The thing about this chart is that you don’t have to calculate the percentages beforehand. You just feed in the raw data (see image below) and you get the final percentages visualised in the graphic.

The raw data on goals gets converted to percentages

ANIMATING THE LINE CHART

The transition over here isn’t very sophisticated. In this, the two lines and the data points on them are basically set to appear 300 milliseconds and 800 milliseconds respectively after the card appears on screen (see the code snippet below).
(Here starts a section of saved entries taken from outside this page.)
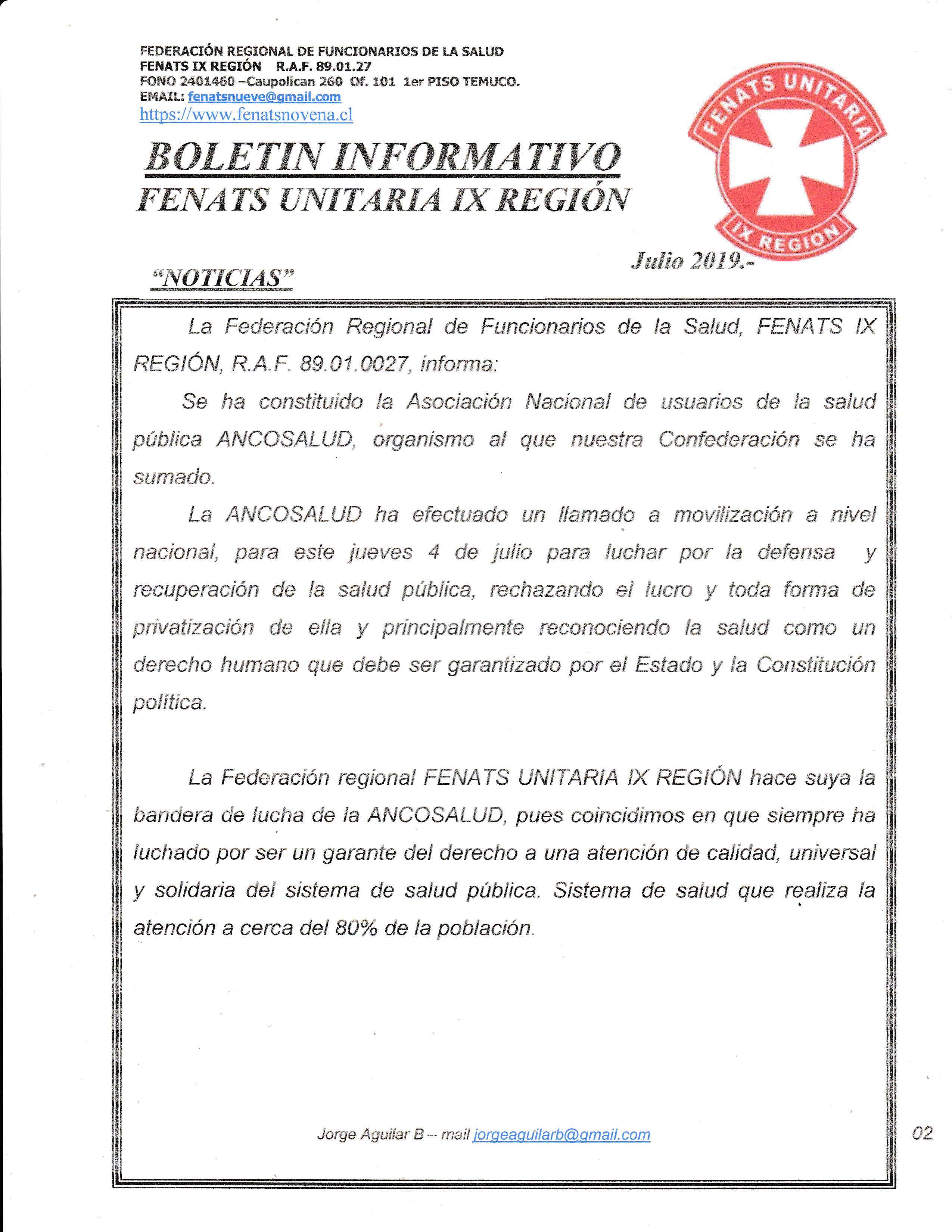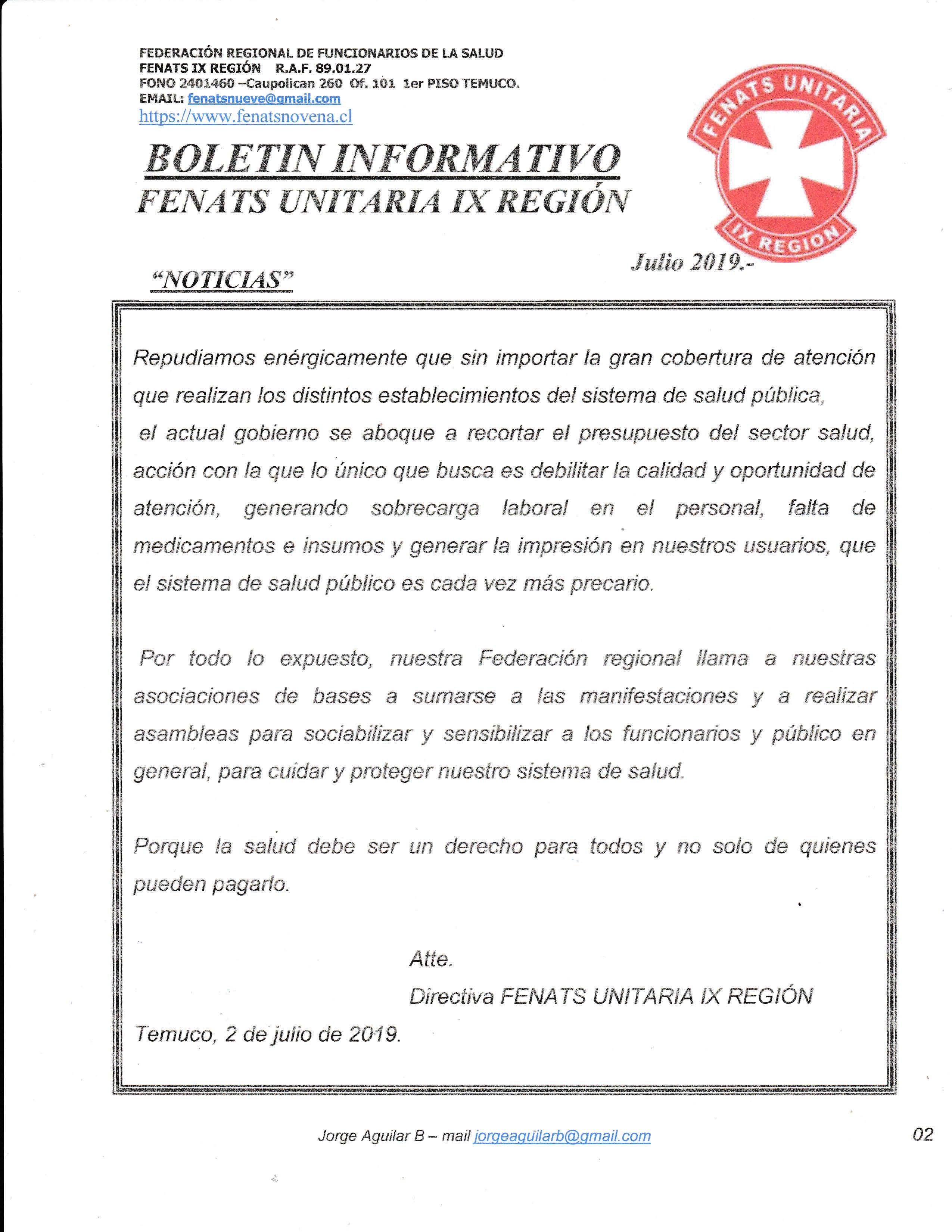 Comunicado 2 de Julio 2019 La Federación Regional de Funcionarios de la Salud, FENATS IX REGIÓN, R.A.F. 89.01.0027, informa:
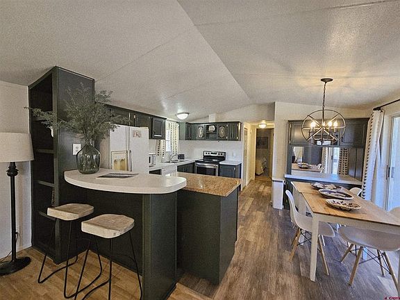 The true affordable housing in Ouray County is right here. This fully furnished, well kept three bedroom, two full bath mobile home as a very nice great room with a spacious kitchen, living room and dining area, is waiting for your family. The back yard is fenced for your four legged family members. With a nice location of two miles south of Ridgway, and eight miles north of Ouray, you can send your kids to either school. The Valley Heights mobile home park is a nice community where the neighbors take care of each other. The lot rent of $645 per month includes water, sewer and trash. This park is an owner occupied only park. No land included, only the mobile home. Come see how nice this place really is.
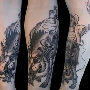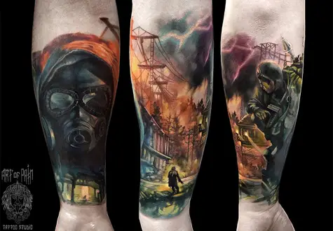 Татуировка мужская реализм на предплечье люди и пожар 2923
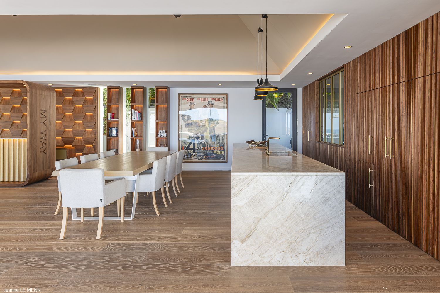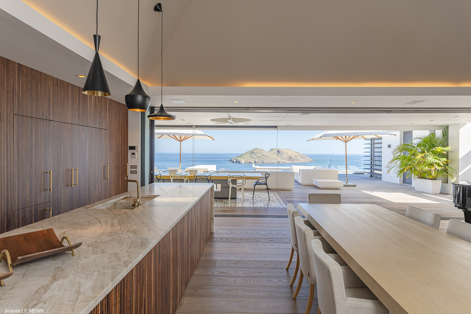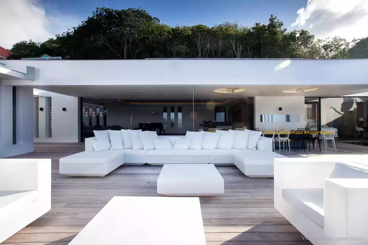 Iconic décor and uncompromising luxury are everywhere you turn when you choose Villa My Way for your St. Barts getaway. High on the hills of Colombier overlooking Flamands Beach, this newly-constructed, ultra-modern villa boasts of what lies in store from the moment you make your approach: the entryway stairs, reminiscent of piano keys, lead directly to a sleek black baby grand, and that’s only the beginning of the delights ahead. Villa My Way’s name and Sinatra-themed décor are no accident. Every detail of this luxe property is meant to send a message of nearly-decadent indulgences. Indoors on the main floor, you’ll find Philippe Stark and Le Corbusier furniture, a gadget-filled chef’s kitchen, and dining room that fully opens to create an alfresco dining experience, and three artfully decorated bedrooms, each with its own private entrance, a magnificent ocean view, its own en suite bathroom and terrace. Outside a remarkable terrace-wide, heated infinity pool offers limitless views of sun and sky and additional small pool plenty of comfortable conversation and seating areas in sun and shade, and steps down to two more equally-equipped bedrooms and a thoughtfully-equipped fitness room. Describing the home’s expansive layout alone doesn’t do justice to the endless extra touches that make My Way a true gem. The property is lushly landscaped, offering jewel-tone contrasts to St. Barts’ crystal turquoise waters. The unique custom kitchen backsplash echoes the villa’s overall theme by spelling out the words to Sinatra’s “My Way,” while every bedroom and bathroom is stocked with custom-embroidered towels and plush robes. The terrace furniture glows with soft colors at night, ensuring that the outdoors beckons no matter the hour and creating a vibrant setting for entertainment, while a wall-sized screen drops from the living area’s ceiling, converting the space into a high-tech media room. Beyond the villa’s unique bounties, there are also the amenities that you simply can’t live without — ample parking, magnificent interior design, a wine vault, floor-to-ceiling glass walls and windows, a Jacuzzi and comfortable sun loungers, a surround sound system and Wifi. The property is close to the famed Colombier beach trail, offering access to St. Barts’ natural marine reserve and one of the best white sand beaches on the island. The airport and the central hub of Gustavia with its glamorous shopping and dining are just a short drive away. Add to all of that the wide array of concierge services offered by One St Barts: from private dinners cooked by the island’s best chefs to arranging for private yacht excursions or spa treatments, it’s always our goal to combine the very best properties with the very best services.

A snippet of code for changing the opacity of the line

A cooler line animation would have been ‘unrolling’ the line as seen in this bl.ock.org example. Maybe next time!

ANIMATING THE PIE CHART

Won’t pretend to understand the code used here. I basically just adapted this example from bl.ocks.org and played around with the parameters till it came out the way I wanted. This example is from Mike Bostock, the creator of D3.js, and in it he explains his code line by line (see image below). Do look at it if you want to fully understand how this pie chart animation works.

Commented code from Bostock

ANIMATING THE ISOTYPE CHART

Yup, this chart is called an isotype chart. This animation is another one where the transition uses delays. So if you look in the gif, you see on the left side three cards being filled one after the other.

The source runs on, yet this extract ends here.